Methods: The effects of a novel small-molecule OGR1 inhibitor were assessed in the acute and chronic dextran sulfate sodium (DSS) murine models of colitis. Macroscopic disease indicators of intestinal inflammation were evaluated, and epithelial damage and immune cell infiltration and proliferation were assessed by immunohistochemistry.

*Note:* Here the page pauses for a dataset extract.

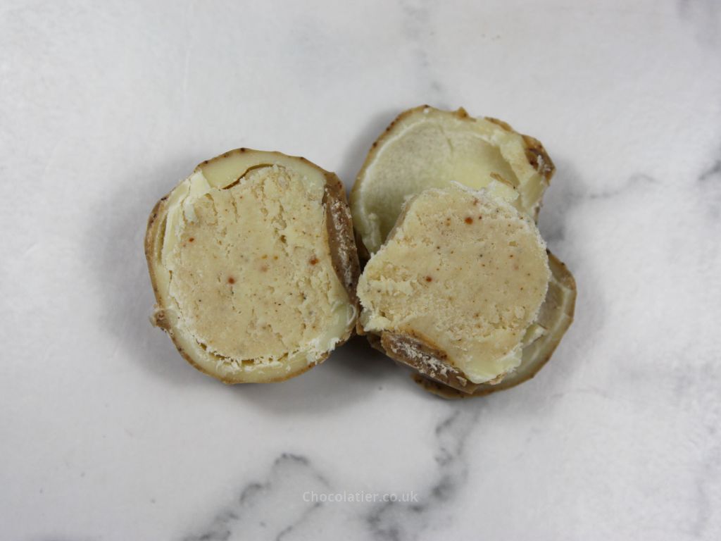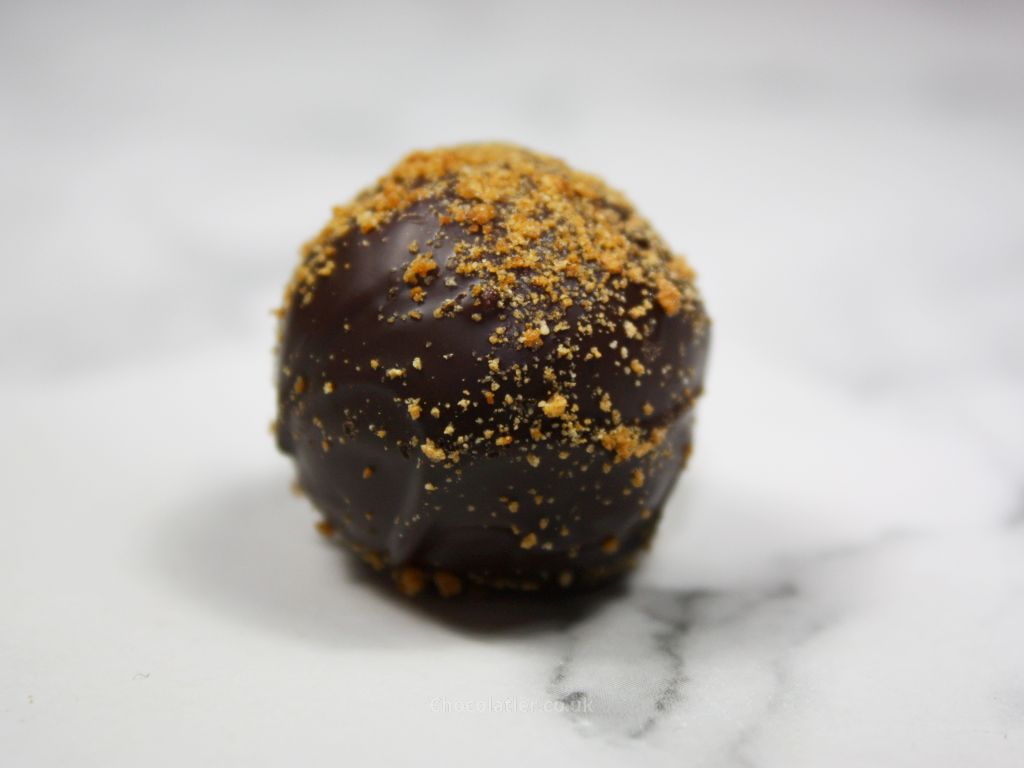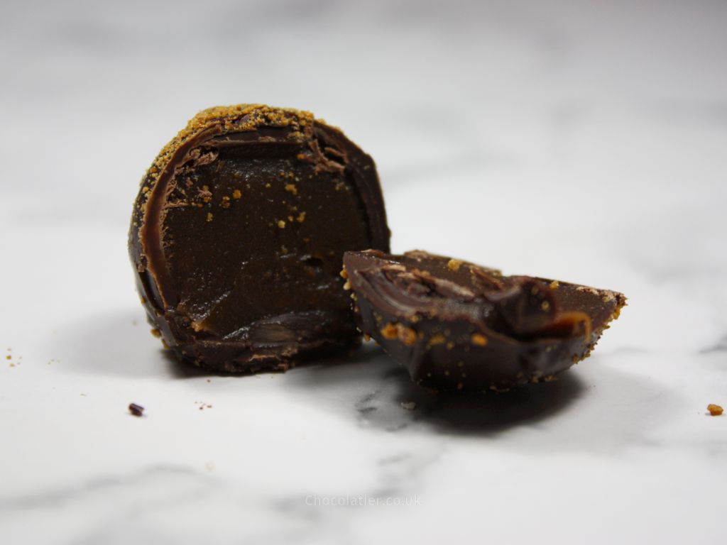 Creamy, vanilla and caramel notes emanated from this white chocolate number, The ganache inside was quite dry, with a subtle boozy flavour that wasn't overpowering. As the tipple kept at bay, it allowed the creamy vanilla notes and gentle spices to come through, serving up a gentle warming background instead.

Results: The OGR1 inhibitor ameliorated clinical parameters in acute and chronic DSS-induced colitis. In mice treated with the OGR1 inhibitor, endoscopy showed no thickening and normal vascularity, while fibrin was not detected. Histopathological findings revealed a decrease in severity of colonic inflammation in the OGR1 inhibitor group when compared to vehicle-DSS controls. In OGR1 inhibitor-treated mice, staining for the macrophage marker F4/80 and cellular proliferation marker Ki-67 revealed a reduction of infiltrating macrophages and slightly enhanced cell proliferation, respectively. This was accompanied by a reduction in pro-inflammatory cytokines, TNF and IL-6, and the fibrosis marker TGF-β1.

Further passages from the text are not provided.